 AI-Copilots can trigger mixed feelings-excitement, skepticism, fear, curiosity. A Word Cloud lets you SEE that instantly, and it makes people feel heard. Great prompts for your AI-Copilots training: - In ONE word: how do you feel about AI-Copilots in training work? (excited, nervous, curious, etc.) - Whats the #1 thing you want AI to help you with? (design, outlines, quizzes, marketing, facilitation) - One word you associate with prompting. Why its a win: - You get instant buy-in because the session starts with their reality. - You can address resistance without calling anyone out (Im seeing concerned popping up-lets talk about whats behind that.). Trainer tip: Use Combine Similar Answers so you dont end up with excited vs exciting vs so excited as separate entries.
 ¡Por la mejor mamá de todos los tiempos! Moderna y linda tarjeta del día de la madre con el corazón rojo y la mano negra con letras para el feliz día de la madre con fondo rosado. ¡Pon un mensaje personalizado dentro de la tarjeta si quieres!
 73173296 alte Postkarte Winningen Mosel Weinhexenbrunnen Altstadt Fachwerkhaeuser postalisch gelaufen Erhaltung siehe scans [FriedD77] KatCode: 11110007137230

•••••

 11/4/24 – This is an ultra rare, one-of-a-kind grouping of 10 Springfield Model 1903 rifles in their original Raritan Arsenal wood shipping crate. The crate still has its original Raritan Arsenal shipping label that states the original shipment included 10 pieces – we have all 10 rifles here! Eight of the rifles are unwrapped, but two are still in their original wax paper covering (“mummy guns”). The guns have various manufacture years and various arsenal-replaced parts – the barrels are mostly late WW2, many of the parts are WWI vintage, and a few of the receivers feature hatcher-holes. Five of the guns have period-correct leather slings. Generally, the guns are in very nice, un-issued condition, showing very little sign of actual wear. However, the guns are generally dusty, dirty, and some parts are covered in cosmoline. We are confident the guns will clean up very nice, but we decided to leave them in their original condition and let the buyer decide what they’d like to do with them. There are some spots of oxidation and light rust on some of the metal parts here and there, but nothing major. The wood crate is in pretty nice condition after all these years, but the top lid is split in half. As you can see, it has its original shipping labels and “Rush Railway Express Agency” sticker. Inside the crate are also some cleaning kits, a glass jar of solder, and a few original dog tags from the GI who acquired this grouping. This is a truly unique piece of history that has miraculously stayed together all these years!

•••••

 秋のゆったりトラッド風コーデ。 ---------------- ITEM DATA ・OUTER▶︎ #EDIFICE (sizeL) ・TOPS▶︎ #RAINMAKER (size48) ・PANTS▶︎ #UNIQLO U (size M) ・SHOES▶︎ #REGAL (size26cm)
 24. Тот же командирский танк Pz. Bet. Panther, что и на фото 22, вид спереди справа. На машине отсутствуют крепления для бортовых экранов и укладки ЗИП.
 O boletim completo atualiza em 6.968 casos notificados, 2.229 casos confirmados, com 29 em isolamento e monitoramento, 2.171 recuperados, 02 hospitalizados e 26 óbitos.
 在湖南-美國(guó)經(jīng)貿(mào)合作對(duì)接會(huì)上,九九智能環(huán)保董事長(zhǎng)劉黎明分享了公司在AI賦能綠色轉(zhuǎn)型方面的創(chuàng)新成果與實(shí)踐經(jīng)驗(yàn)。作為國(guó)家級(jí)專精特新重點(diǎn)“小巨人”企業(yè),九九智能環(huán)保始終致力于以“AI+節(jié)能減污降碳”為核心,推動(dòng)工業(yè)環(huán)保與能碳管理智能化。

•••••

__TASK BRIEF__.
The entries above hold a line with "24. Тот же командирский" and a later line with "在湖南-美國(guó)經(j". Write out exactly those lines and all lines between, nothing more.

__RESULT__.
 24. Тот же командирский танк Pz. Bet. Panther, что и на фото 22, вид спереди справа. На машине отсутствуют крепления для бортовых экранов и укладки ЗИП.
 O boletim completo atualiza em 6.968 casos notificados, 2.229 casos confirmados, com 29 em isolamento e monitoramento, 2.171 recuperados, 02 hospitalizados e 26 óbitos.
 在湖南-美國(guó)經(jīng)貿(mào)合作對(duì)接會(huì)上,九九智能環(huán)保董事長(zhǎng)劉黎明分享了公司在AI賦能綠色轉(zhuǎn)型方面的創(chuàng)新成果與實(shí)踐經(jīng)驗(yàn)。作為國(guó)家級(jí)專精特新重點(diǎn)“小巨人”企業(yè),九九智能環(huán)保始終致力于以“AI+節(jié)能減污降碳”為核心,推動(dòng)工業(yè)環(huán)保與能碳管理智能化。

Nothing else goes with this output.